■ **RECORDED INFORMATION**
====================
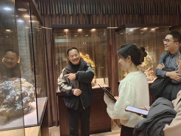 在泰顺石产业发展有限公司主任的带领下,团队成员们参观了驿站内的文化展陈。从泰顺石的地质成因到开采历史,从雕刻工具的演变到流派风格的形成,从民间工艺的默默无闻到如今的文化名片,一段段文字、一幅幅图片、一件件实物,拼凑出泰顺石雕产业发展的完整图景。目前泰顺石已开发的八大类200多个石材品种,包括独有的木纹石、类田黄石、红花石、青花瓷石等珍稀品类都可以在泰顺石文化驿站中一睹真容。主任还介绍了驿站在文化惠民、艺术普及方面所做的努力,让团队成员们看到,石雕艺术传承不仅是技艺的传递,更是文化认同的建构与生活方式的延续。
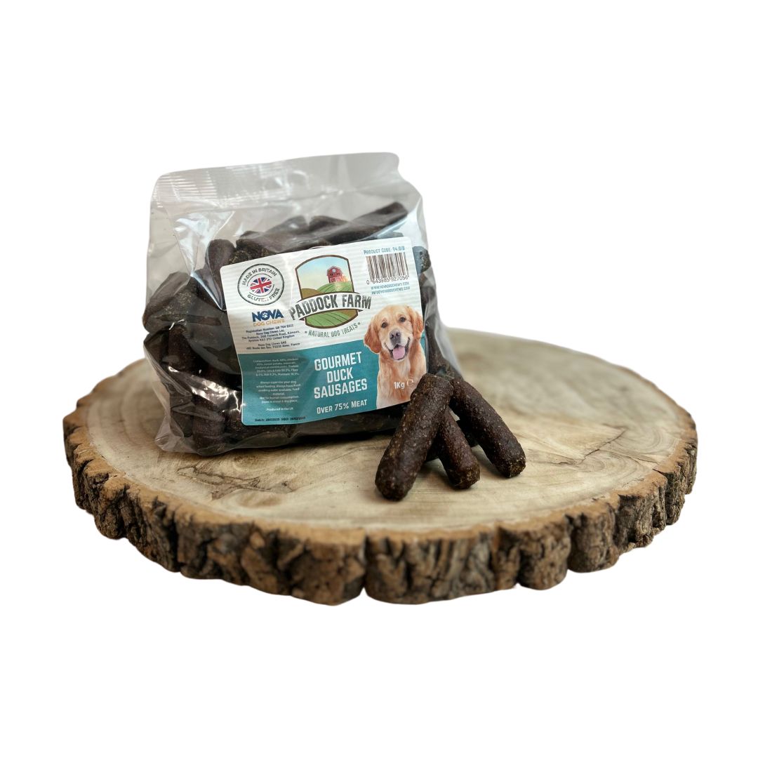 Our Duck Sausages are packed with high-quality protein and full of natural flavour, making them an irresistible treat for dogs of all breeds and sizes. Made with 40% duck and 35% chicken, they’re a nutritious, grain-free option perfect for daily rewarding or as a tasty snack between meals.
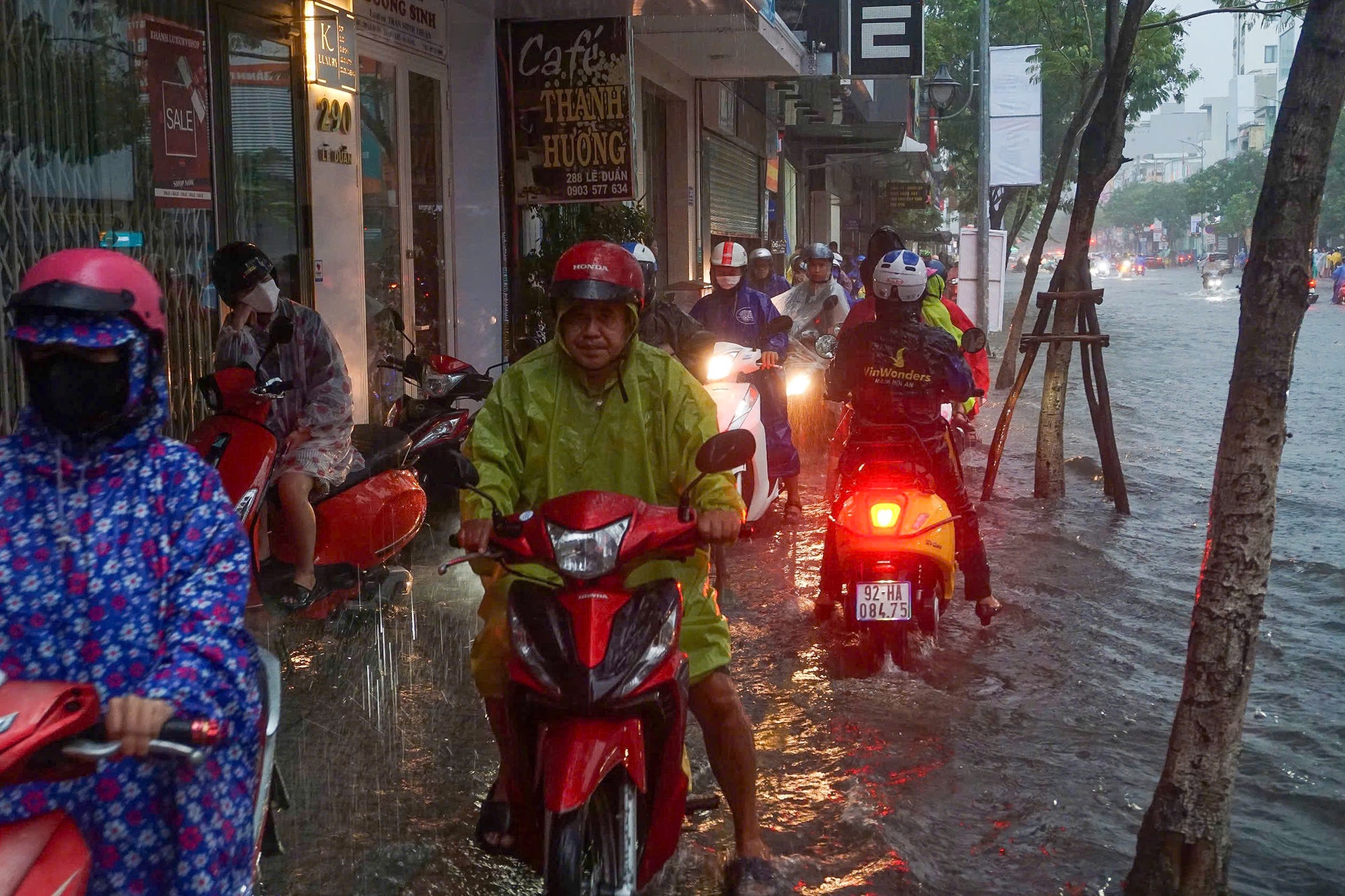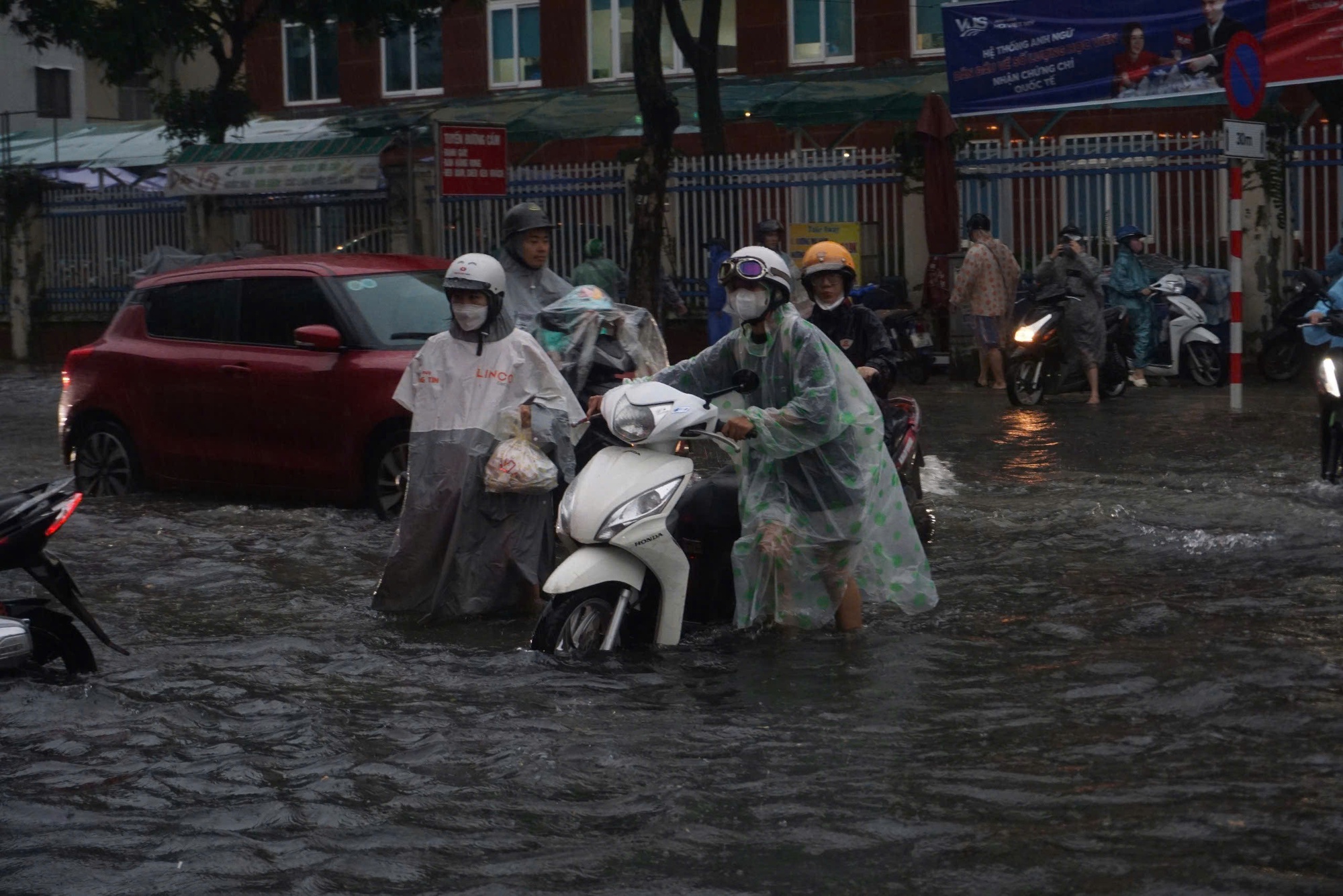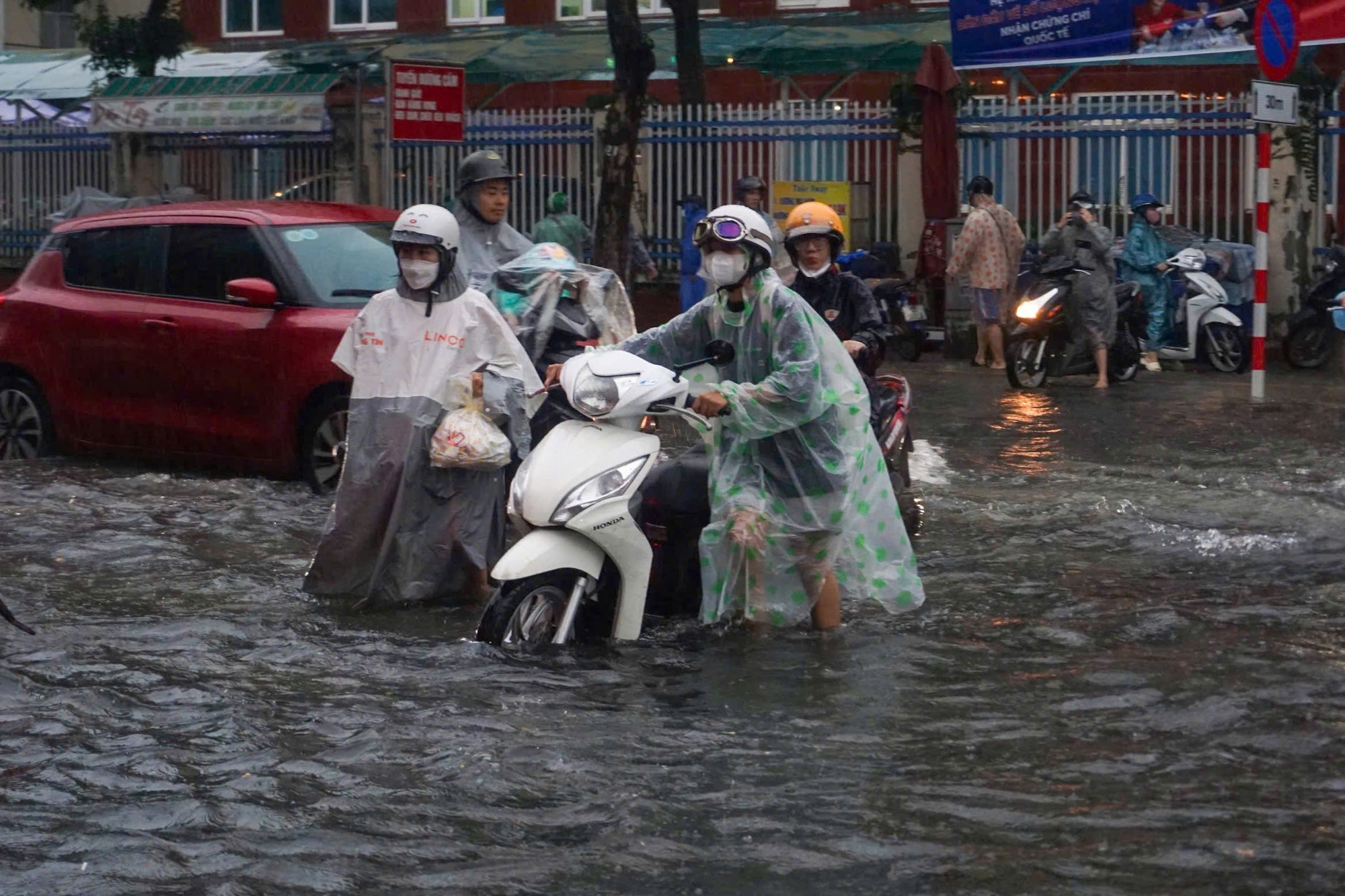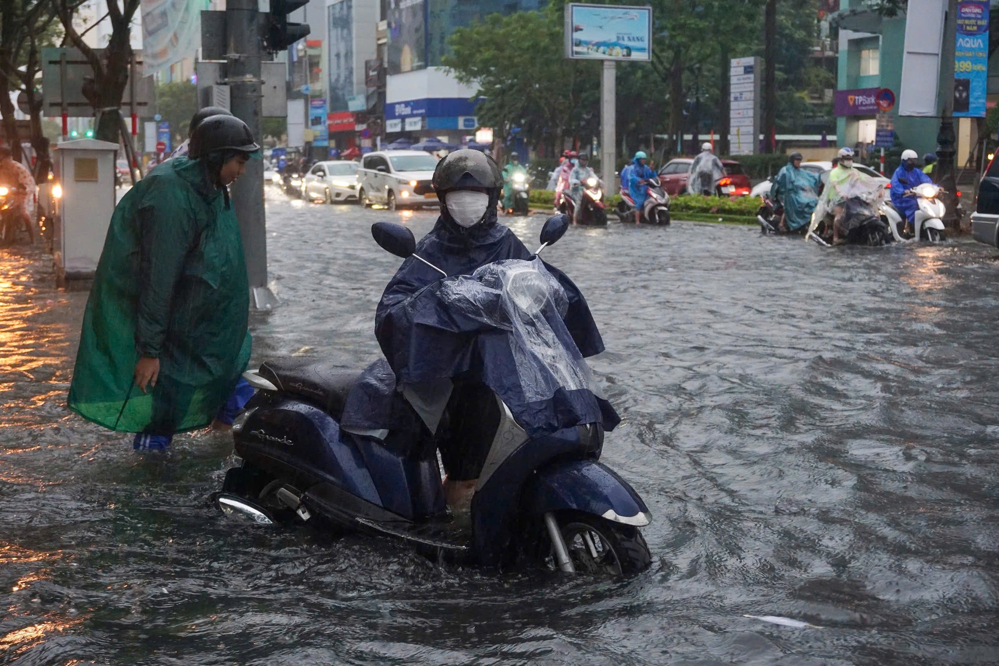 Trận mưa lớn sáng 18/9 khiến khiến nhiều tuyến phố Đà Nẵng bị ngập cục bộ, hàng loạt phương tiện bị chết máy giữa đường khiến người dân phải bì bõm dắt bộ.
====================
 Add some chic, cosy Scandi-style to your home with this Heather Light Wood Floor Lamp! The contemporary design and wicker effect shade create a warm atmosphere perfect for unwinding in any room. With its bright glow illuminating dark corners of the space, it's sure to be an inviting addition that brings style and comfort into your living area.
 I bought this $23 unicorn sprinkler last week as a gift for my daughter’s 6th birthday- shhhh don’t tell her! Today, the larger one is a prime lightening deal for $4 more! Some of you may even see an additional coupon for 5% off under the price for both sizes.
====================
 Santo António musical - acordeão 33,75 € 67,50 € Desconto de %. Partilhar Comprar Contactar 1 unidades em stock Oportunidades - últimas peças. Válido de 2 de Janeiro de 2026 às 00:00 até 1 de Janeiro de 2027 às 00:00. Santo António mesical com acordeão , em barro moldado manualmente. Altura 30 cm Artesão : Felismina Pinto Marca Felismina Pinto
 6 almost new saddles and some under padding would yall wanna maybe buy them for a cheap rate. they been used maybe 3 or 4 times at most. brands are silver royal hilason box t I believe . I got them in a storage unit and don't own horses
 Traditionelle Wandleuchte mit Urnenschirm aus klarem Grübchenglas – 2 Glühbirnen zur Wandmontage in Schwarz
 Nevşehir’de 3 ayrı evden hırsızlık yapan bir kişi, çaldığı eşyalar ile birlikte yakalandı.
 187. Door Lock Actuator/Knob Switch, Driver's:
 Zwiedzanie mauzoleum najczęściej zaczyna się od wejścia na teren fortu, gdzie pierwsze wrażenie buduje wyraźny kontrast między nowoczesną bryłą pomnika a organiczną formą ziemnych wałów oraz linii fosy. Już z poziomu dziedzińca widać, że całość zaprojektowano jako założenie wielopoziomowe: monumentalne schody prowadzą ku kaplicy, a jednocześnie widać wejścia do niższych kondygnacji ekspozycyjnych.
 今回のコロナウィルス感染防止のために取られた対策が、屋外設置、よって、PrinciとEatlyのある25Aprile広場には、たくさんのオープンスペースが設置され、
====================
■ **ASSIGNMENT**
Scan the entries above for the line containing "Santo António musical", and copy it and all lines after it exactly, down to and including the line containing "187. Door Lock".

■ **COMPLETED EXERCISE**
 Santo António musical - acordeão 33,75 € 67,50 € Desconto de %. Partilhar Comprar Contactar 1 unidades em stock Oportunidades - últimas peças. Válido de 2 de Janeiro de 2026 às 00:00 até 1 de Janeiro de 2027 às 00:00. Santo António mesical com acordeão , em barro moldado manualmente. Altura 30 cm Artesão : Felismina Pinto Marca Felismina Pinto
 6 almost new saddles and some under padding would yall wanna maybe buy them for a cheap rate. they been used maybe 3 or 4 times at most. brands are silver royal hilason box t I believe . I got them in a storage unit and don't own horses
 Traditionelle Wandleuchte mit Urnenschirm aus klarem Grübchenglas – 2 Glühbirnen zur Wandmontage in Schwarz
 Nevşehir’de 3 ayrı evden hırsızlık yapan bir kişi, çaldığı eşyalar ile birlikte yakalandı.
 187. Door Lock Actuator/Knob Switch, Driver's:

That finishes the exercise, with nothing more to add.